Le moral des Français a chuté en mai, tombant à son plus bas niveau historique, en raison d’une montée des inquiétudes sur leur niveau de vie à venir, a annoncé mardi 28 mai l’Institut national de la statistique et des études économiques (Insee).

Une hausse du chômage est attendue

En mai, l’opinion des ménages sur leur situation financière passée chute brutalement (-10 points) et celle sur leur situation financière future se dégrade aussi mais dans une moindre mesure (-3 points). Leur opinion sur l’opportunité de faire des achats importants est également en recul (-3 points). « Ces trois soldes sont largement en dessous de leur moyenne de longue période », note l’Insee.

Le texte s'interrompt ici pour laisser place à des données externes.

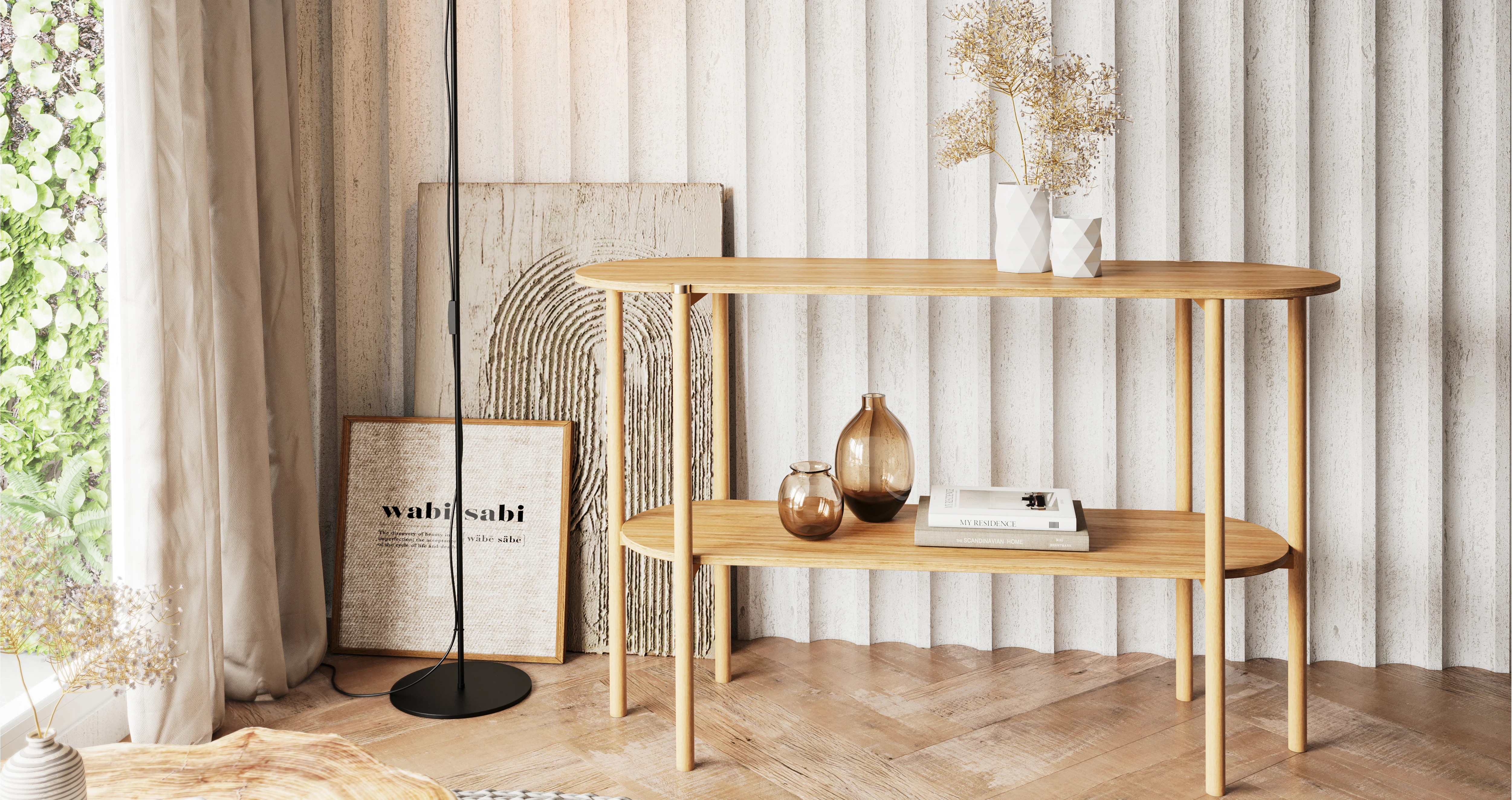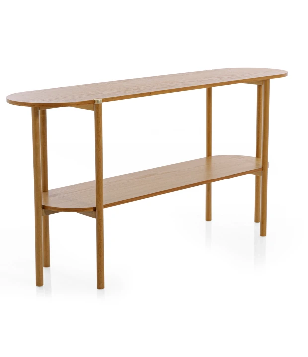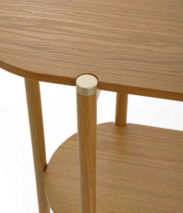 O aparador Maya possui tampos de MDF revestido com lâmina natural de madeira ou com acabamento em laca. Os pés são em madeira maciça e as ponteiras são laqueadas em tons metálicos.

Les ménages sont également plus nombreux en mai à anticiper une augmentation du chômage, comme l’anticipent d’ailleurs les prévisions de l’Unedic pour 2013 et 2014.

L’opportunité d’épargner est quasi stable

Parallèlement, pour les ménages l’opportunité d’épargner est quasi stable en mai par rapport à avril (-1 point, à 30). Ce solde se situe toutefois largement au-dessus de sa moyenne de longue période (18). Leur opinion sur leur capacité d’épargne actuelle est également presque inchangée à 14 (15 en avril, 8 en moyenne de longue période).